The goal here is an exact copy of the entries below, without their pictures.

*** Opening Records to use ***

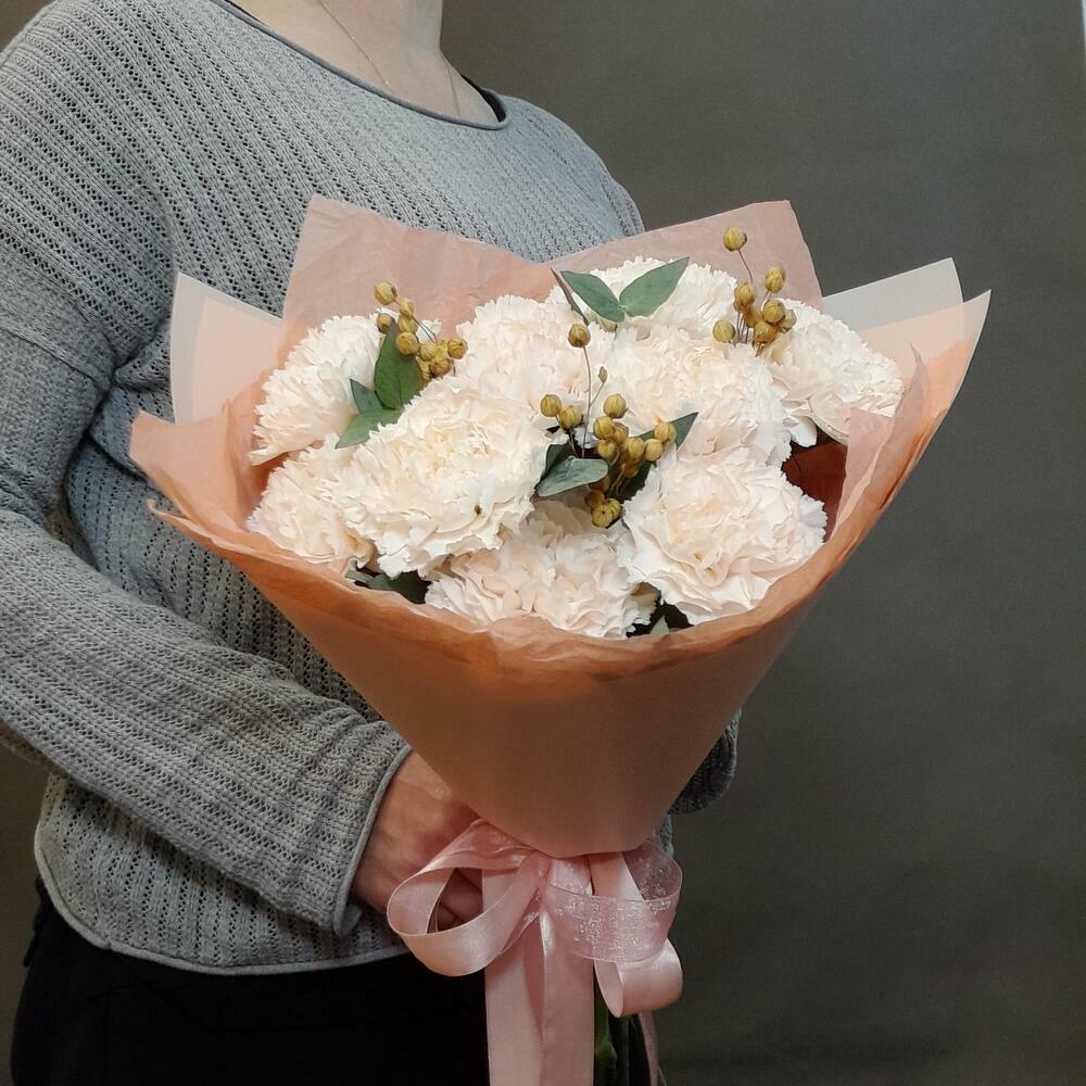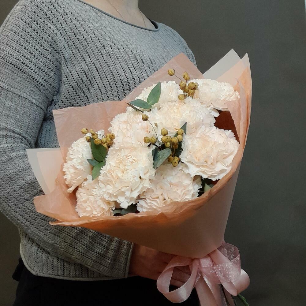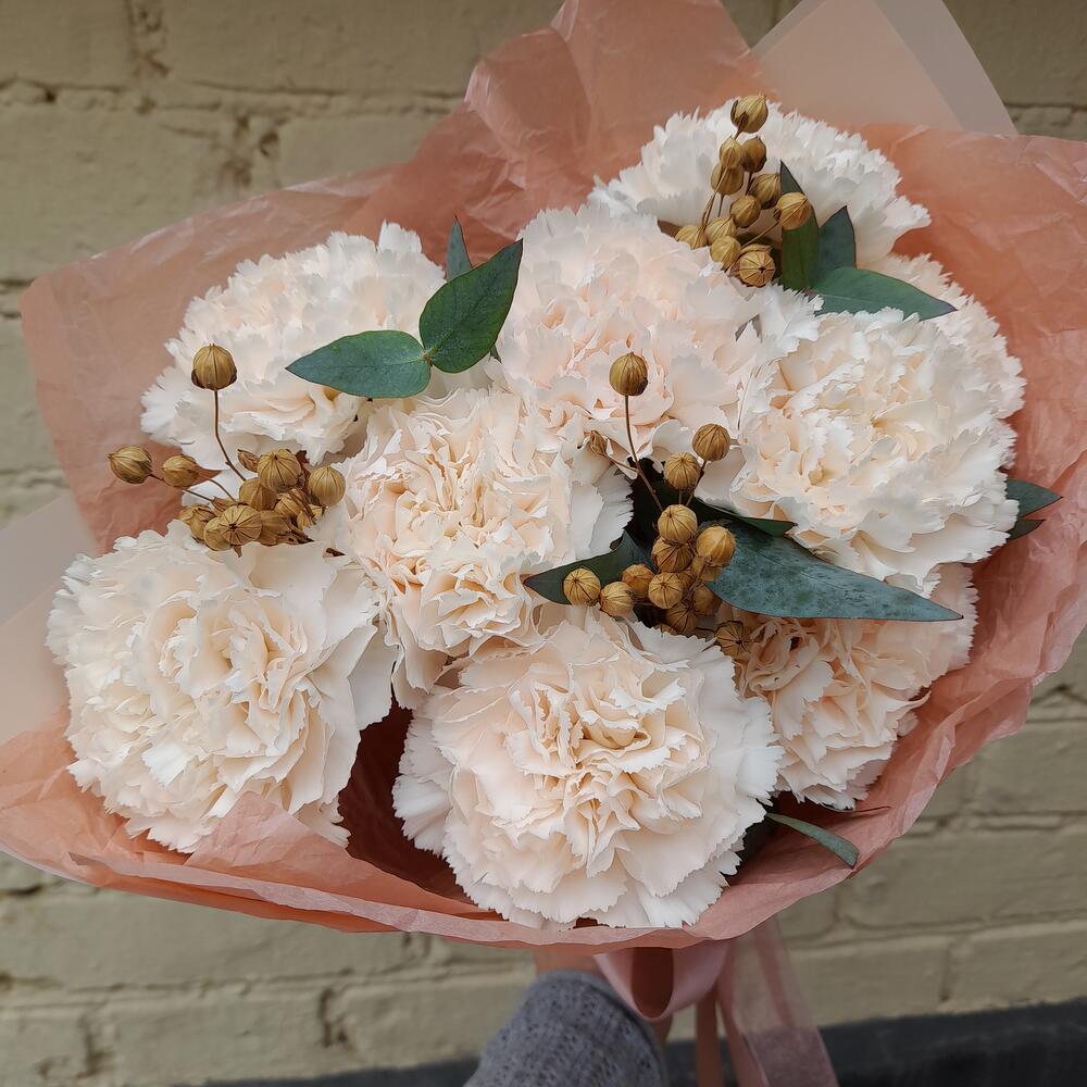 Букет из крупных, пушистых кремовых гвоздик с ароматным эвкалиптом и милыми акцентами из льна, станет достойным комплиментом для учителя, врача, коллеги, подруги, мамы и бабушки. Данный букет можно подарить не только в день рождения, но и в знак благодарности, внимания или просто без повода. Гвоздика - очень неприхотливый и стойкий цветок и, при должном уходе (информацию по уходу см. ниже), простоит в вазе довольно долго. Для того, чтобы продлить жизнь цветов в домашних условиях, подрежьте их под косым углом и поместите сразу же в вазу с холодной водой. Меняйте воду, как можно чаще, для предотвращения размножения бактерий. Также старайтесь не ставить вазу с цветами вблизи отопительных приборов и берегите их от сквозняков.
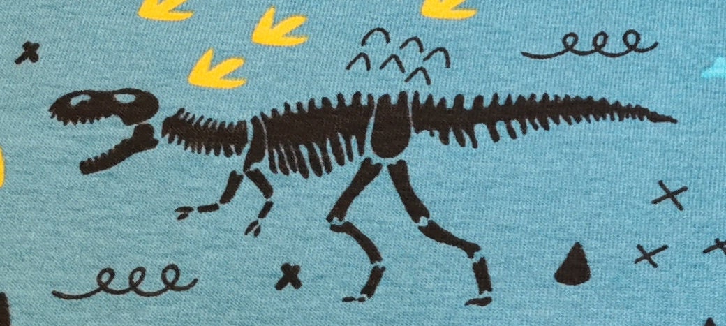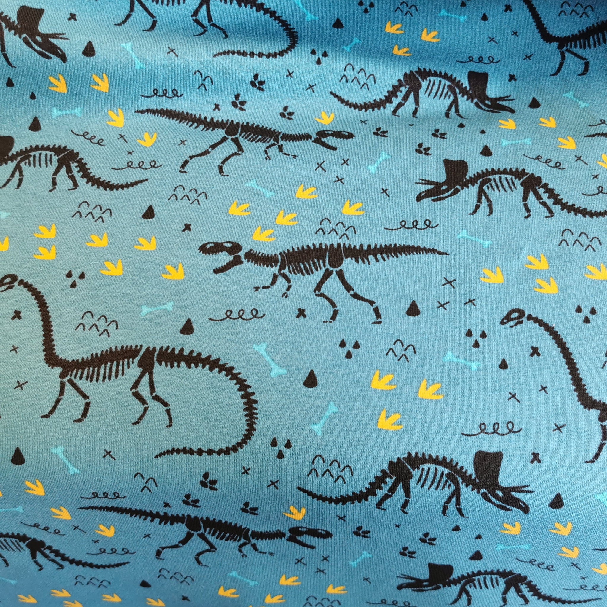 Baumwolljersey Stoff Druck schwarze Dinosaurier Skelette auf hellblau
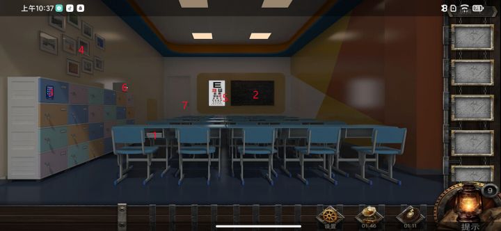 闯关顺序如下:1、点击移动书桌中的书本,拿到黑板擦2、使用黑板擦,点击黑板,黑板上只留下一条线索:9/X=X*13、根据公式得到密码9331打开柜门,拿到一张带有4种颜色的纸条4、根据拿到的四色纸条,依次观察墙面的照片墙,可以发现4个颜色外框的照片上的4组数字:1895、3968、5675、66935、观察视力表发现线索,有4个红色,依次对应刚才得到数字组上的数字6、结合纸条颜色,照片墙
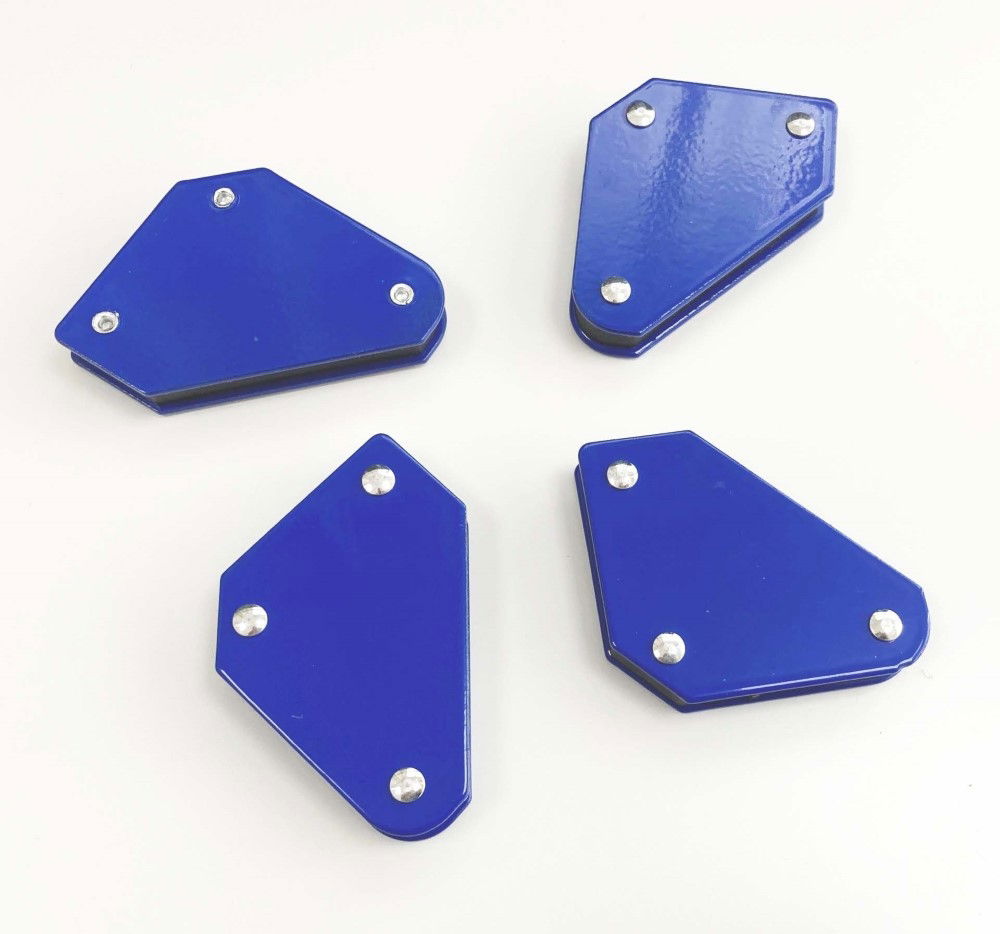 KDP-WH043This 4 piece mini magnetic weld holder set includes four 10 lb magnets, each approximately 60 x 50 x 10 mm in size. The holders support material positioning at 45, 90, or 135 degree angles, allowing for hands-free welding work.
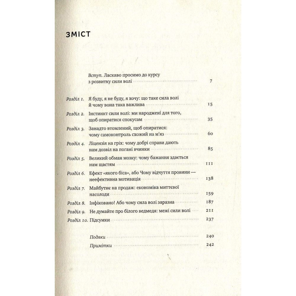 Мова, література, математика, фізика, хімія. А що було б, якби у школах та університетах нас вчили розвивати силу волі? Наскільки успішнішими ми могли б стати? Келлі Макґоніґал допомогла тисячам людей змінитися: кинути пити чи курити, пробігти марафон, зайнятися спортом, створити власний бізнес, налагодити стосунки в сім’ї тощо. Свою методику вона узагальнила в цій книжці — «Сила волі. Шлях до влади над собою».
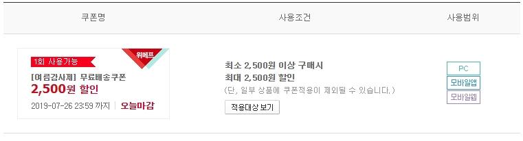 1. 위메프 2,500원이상 [2,500원할인쿠폰 발행]
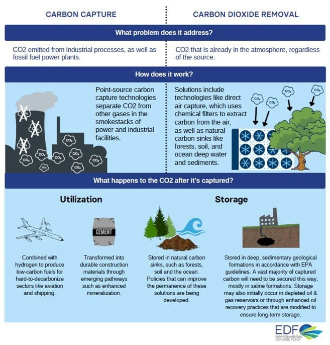 Carbon removal and carbon capture both collect CO2 that then needs to be stored or utilized in some other way.

*** Closing Records to use ***

* _Solution for this task_:
 Букет из крупных, пушистых кремовых гвоздик с ароматным эвкалиптом и милыми акцентами из льна, станет достойным комплиментом для учителя, врача, коллеги, подруги, мамы и бабушки. Данный букет можно подарить не только в день рождения, но и в знак благодарности, внимания или просто без повода. Гвоздика - очень неприхотливый и стойкий цветок и, при должном уходе (информацию по уходу см. ниже), простоит в вазе довольно долго. Для того, чтобы продлить жизнь цветов в домашних условиях, подрежьте их под косым углом и поместите сразу же в вазу с холодной водой. Меняйте воду, как можно чаще, для предотвращения размножения бактерий. Также старайтесь не ставить вазу с цветами вблизи отопительных приборов и берегите их от сквозняков.
 Baumwolljersey Stoff Druck schwarze Dinosaurier Skelette auf hellblau
 闯关顺序如下:1、点击移动书桌中的书本,拿到黑板擦2、使用黑板擦,点击黑板,黑板上只留下一条线索:9/X=X*13、根据公式得到密码9331打开柜门,拿到一张带有4种颜色的纸条4、根据拿到的四色纸条,依次观察墙面的照片墙,可以发现4个颜色外框的照片上的4组数字:1895、3968、5675、66935、观察视力表发现线索,有4个红色,依次对应刚才得到数字组上的数字6、结合纸条颜色,照片墙
 KDP-WH043This 4 piece mini magnetic weld holder set includes four 10 lb magnets, each approximately 60 x 50 x 10 mm in size. The holders support material positioning at 45, 90, or 135 degree angles, allowing for hands-free welding work.
 Мова, література, математика, фізика, хімія. А що було б, якби у школах та університетах нас вчили розвивати силу волі? Наскільки успішнішими ми могли б стати? Келлі Макґоніґал допомогла тисячам людей змінитися: кинути пити чи курити, пробігти марафон, зайнятися спортом, створити власний бізнес, налагодити стосунки в сім’ї тощо. Свою методику вона узагальнила в цій книжці — «Сила волі. Шлях до влади над собою».
 1. 위메프 2,500원이상 [2,500원할인쿠폰 발행]
 Carbon removal and carbon capture both collect CO2 that then needs to be stored or utilized in some other way.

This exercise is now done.